Иногда тяжко до невыносимости из-за "державной недостаточности" у правителей, безверья, обманов и пошлости, цинизма "культурованцев". В 1994 году на съезде писателей я сказал, что отечественная литература заморозилась. Конечно, не так это было. Но было много плача, скорби, страдания. А как же иначе? Ведь потеряли, казалось, почти всё. И государственное, и человеческое. И забывать стали, что было светлого и возвышенного, что просто было доброго, семейного (помню, когда жил в сибирско-омской деревне и после войны на Полтавщине, ни разу не слышал в присутствии детей и стариков мата и мерзкой ругани). Сейчас ругань сплошь и рядом от темноты, невежества, от цинизма и наглой спеси новых хозяев жизни.
Пятнадцать лет я пытаюсь сплотить сотоварищей, писателей России, писателей истинно русских и нерусских. Всё время говорил о необходимости ободрить народ, дать ему веру и надежду, показать, что он выходил из разных сложных и глобальных испытаний ещё более окрепшим и прекрасным, как Иван-царевич, окунувшийся в кипящий котёл. Я старался и в предсейс-мические перестроечные годы прочерчивать линию созидания и самопожертвования. Искать героев, на которых можно было бы опереться, увидеть результат их усилий. Я, как и Вы, историк, поэтому искал их в прошлом. Да, это было мне близко и не вызывало молниеносных гонений — после того, когда в конце 1980 года меня освободили от обязанностей главного редактора "Комсомолки" за серию разоблачений взяточников Северного Кавказа, а главное, за то, что ввёл на страницы газеты русских писателей — за два с половиной года более 200 человек, что воспринималось как "невиданное проявление шовинизма". Бог даровал мне после изгнания творческую свободу и время. За эти годы я написал романы и повести "Росс непобедимый", "Тульский энциклопедист", "Флотовождь". В центре герои, подвижники — "дела делатели" (Болотов). Мне казалось, что из рутины, некой исторической беспечности ("застоя") надо вырываться созиданием. Это и герои "Росса", в конце XVIII века разгромившие турок, создавшие Новороссию, красавцы-города Одессу, Херсон, Николаев, Таганрог, Ростов, Елизаветград, Севастополь, выстроившие Черноморский флот. Это Андрей Тимофеевич Болотов, выведший сотни сортов яблонь, слив, вишен, смородины, создавший первые образцы русского садово-паркового искусства, организовавший первый русский детский театр, выпустивший первые экономические газеты России -
"Сельский житель" и "Экономический магазин", "лучший экономист России". И ещё, это уж совсем по нашей линии, он написал 350 (!) томов или, скажем, блокнотов-тетрадей сочинений о времени, событиях, о людях и духе эпохи. Я читал их в "Ленинке", библиотеке Салтыкова-Щедрина, Пушкинском доме, в архивах. Трогал пальцами, всматривался и восхищался авторской неутомимостью, энергией, наблюдательностью. Ну и, конечно, главная радость, отпущенная мне с небес, это почти тридцатилетняя работа над книгами о Фёдоре Фёдоровиче Ушакове. Ещё в Николаеве, куда я приехал после окончания Киевского университета в 1956 году, я упивался духом XVIII века, его героями и подвижниками Потёмкиным, Румянцевым, Фалеевым, де Рибасом, Безбо-родко. Чтил Екатерину, и вот повезло на всю жизнь.

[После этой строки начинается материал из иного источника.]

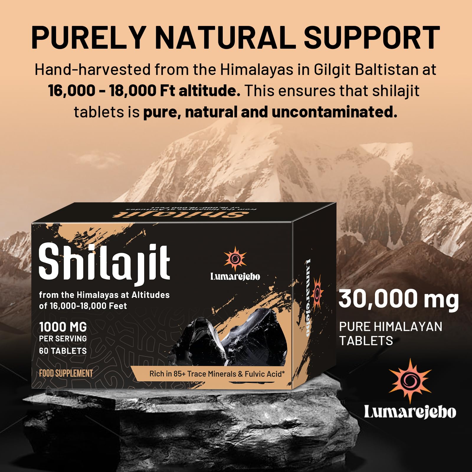 Lumarejebo Shilajit Tablets 30,000mg, 100% Pure Himalayan Shilajit Tablets (1000mg Per Serving), Rich in 85+ Trace Minerals & 60% Fulvic Acid, for Energy and Immune Support (120 Tablets)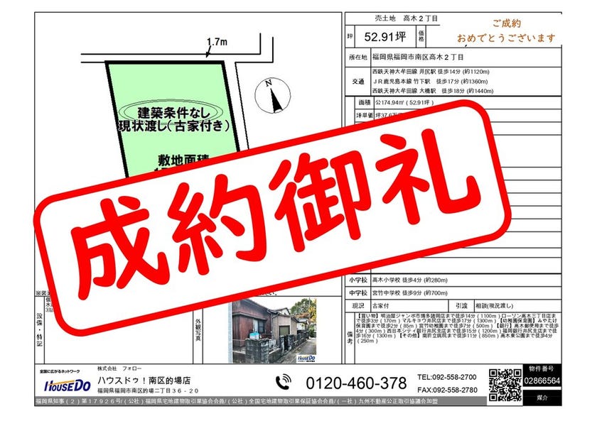 南区高木2丁目 売土地 高木小学校まで徒歩4分 買主D様、売主I様 ご成約おめでとうございます!

Началась перестройка, и я понял: надо выдвинуть на первый план героев победительных, созидательных, неунывающих. И был уверен, что нам понадобятся Суворов, Ушаков, Болотов. Огорошил своих коллег лозунгом: "К топору зовите Русь!" Кое-кто зааплодировал, а потом осёкся, когда я завершил лозунг: "Но не к топору разбойника и ушкуйника, а к топору плотника, к топору строителя!" Мне казалось, что вот сейчас и развернется созидательная работа. Но до неё руки не доходили: митинги, многоречивые тусовки внедряющих в наше общество гнилую мысль, что мы безнадёжно отстали от мировой цивилизации, от её стандартов и героев.